- _Exercise data_
-*-*-

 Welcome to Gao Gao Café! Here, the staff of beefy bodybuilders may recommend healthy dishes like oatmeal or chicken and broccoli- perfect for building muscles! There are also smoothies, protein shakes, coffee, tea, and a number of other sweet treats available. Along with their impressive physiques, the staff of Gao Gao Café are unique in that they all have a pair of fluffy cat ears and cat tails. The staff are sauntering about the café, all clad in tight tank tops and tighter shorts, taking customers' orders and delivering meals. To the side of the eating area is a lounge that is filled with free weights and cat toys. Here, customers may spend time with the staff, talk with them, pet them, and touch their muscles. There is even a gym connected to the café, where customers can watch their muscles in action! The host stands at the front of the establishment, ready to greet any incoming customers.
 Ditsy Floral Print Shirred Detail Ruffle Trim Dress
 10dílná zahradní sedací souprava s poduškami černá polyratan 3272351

-*-*-

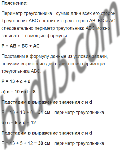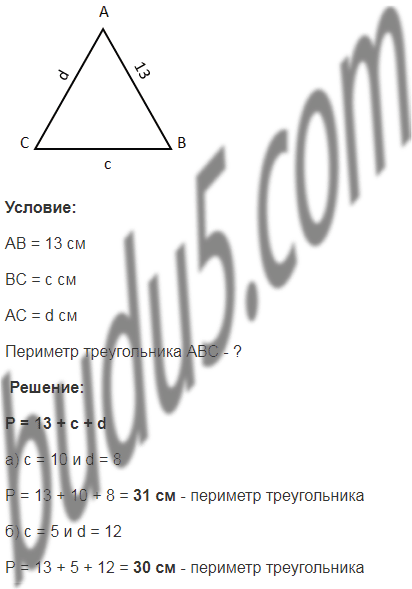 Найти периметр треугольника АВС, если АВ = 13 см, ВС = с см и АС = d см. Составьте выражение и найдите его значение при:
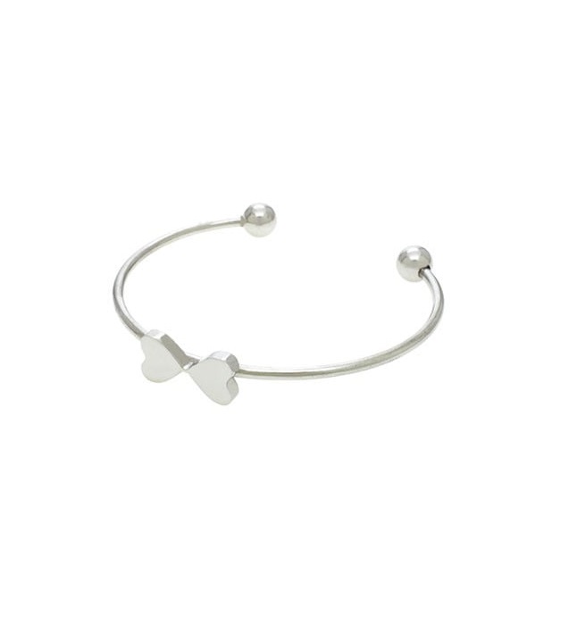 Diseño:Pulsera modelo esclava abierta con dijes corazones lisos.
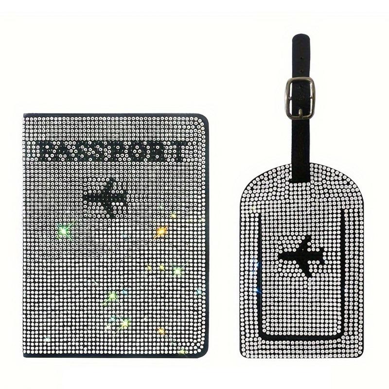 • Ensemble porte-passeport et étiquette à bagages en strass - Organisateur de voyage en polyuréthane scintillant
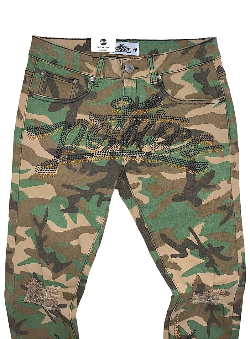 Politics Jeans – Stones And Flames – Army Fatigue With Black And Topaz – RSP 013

-*-*-

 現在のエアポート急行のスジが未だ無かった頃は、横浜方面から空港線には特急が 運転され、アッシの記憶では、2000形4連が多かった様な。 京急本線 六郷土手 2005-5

-*-*-

Go to the line above holding "en polyuréthane scintillant", then copy exactly each line down to and including the one holding "Politics Jeans –", leaving pictures out.

 • Ensemble porte-passeport et étiquette à bagages en strass - Organisateur de voyage en polyuréthane scintillant
 Politics Jeans – Stones And Flames – Army Fatigue With Black And Topaz – RSP 013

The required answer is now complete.